Playwright is not bundled with JarvisCore. Install it separately:

pip install playwright
playwright install chromium

JarvisCore imports Playwright lazily, the framework loads and runs correctly without it. When Playwright is not installed and a task is routed to the browser role, the sub-agent returns a clear error message rather than crashing.


Enabling browser automation

Set BROWSER_ENABLED=true in your .env. Without this, the browser role is never selected by the Kernel's task classifier, even if Playwright is installed.

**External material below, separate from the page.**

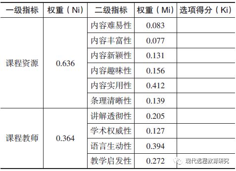 在设置在线课程质量分析指标的基础上,如何根据指标构建分析规则成为主要问题。当前学术界的指数研究做法为我们提供了启发与参考。已有研究指出,随着指数应用外延的拓展,指数分析指标已逐步多元化,定性类指标被引入到指数分析体系(张会敏,2012)。本研究参照指数研究做法,通过学习者结果感知数据来建立在线课程内容质量结果感知分析规则。首先,借助层次分析法确定各级分析指标的权重。笔者邀请15名长期从事网络教学工作的课程专家参与,依据判断矩阵两两比较原则对在线课程内容质量各级指标权重进行赋值,赋值范围为1~9。然后,采用层次分析处理软件yaahpV10.0对专家赋值数据进行统计分析。获取的各级指标权重统计结果如表4所示。其中,Mi为二级指标在一级指标上的相对权重,Ni为一级指标在课程内容质量中的相对权重,Ki为指标选项(二级指标)得分,其得分范围为1~5。需要说明的是,本研究设置的指标权重仅仅是参考值,只作为初始值使用。后续研究中,还需要依据学习者反馈数据对指标权重初始值进行校正。因为初始值主要是由专家打分获得,可能与学生数据的分析结果有一定出入。

Also set BROWSER_MODEL to a CUA or multimodal model. Without it, the framework falls back to TASK_MODEL_STANDARD, which may be a text-only model that cannot interpret screenshots.

.env
BROWSER_ENABLED=true

# CUA model for browser automation (strongly recommended)
# Gemini:  BROWSER_MODEL=gemini-2.5-computer-use
# OpenAI:  BROWSER_MODEL=gpt-5.4-mini
# Fallback (multimodal, not CUA): BROWSER_MODEL=gpt-4o or gemini-2.5-flash
BROWSER_MODEL=gemini-2.5-computer-use

# Defaults to true (headless). Set false to see the browser window during development.
BROWSER_HEADLESS=true

The kernel reads browser_headless from settings and passes it to BrowserSubAgent at instantiation. The default viewport is 1280x720, hardcoded in BrowserSubAgent.__init__() and not currently configurable via environment variable.


How routing works

The Kernel classifies tasks into sub-agent roles using keyword sets. The browser role has highest priority and is checked before researcher and communicator. Any task whose text contains one of these keywords is routed to the browser:

browser, click, navigate, screenshot, fill form, login to, log in to,
scrape, automate, playwright, selenium, headless, web automation, interact with

You can also force browser routing without relying on keywords by declaring it on your agent class:

class MyAgent(AutoAgent):
    role = "web-scraper"
    capabilities = ["scraping"]
    system_prompt = "..."
    default_kernel_role = "browser"   # always routes to BrowserSubAgent

Tools available to the LLM

The browser sub-agent registers the following tools. The LLM calls them by emitting TOOL: <name> in its OODA loop turns.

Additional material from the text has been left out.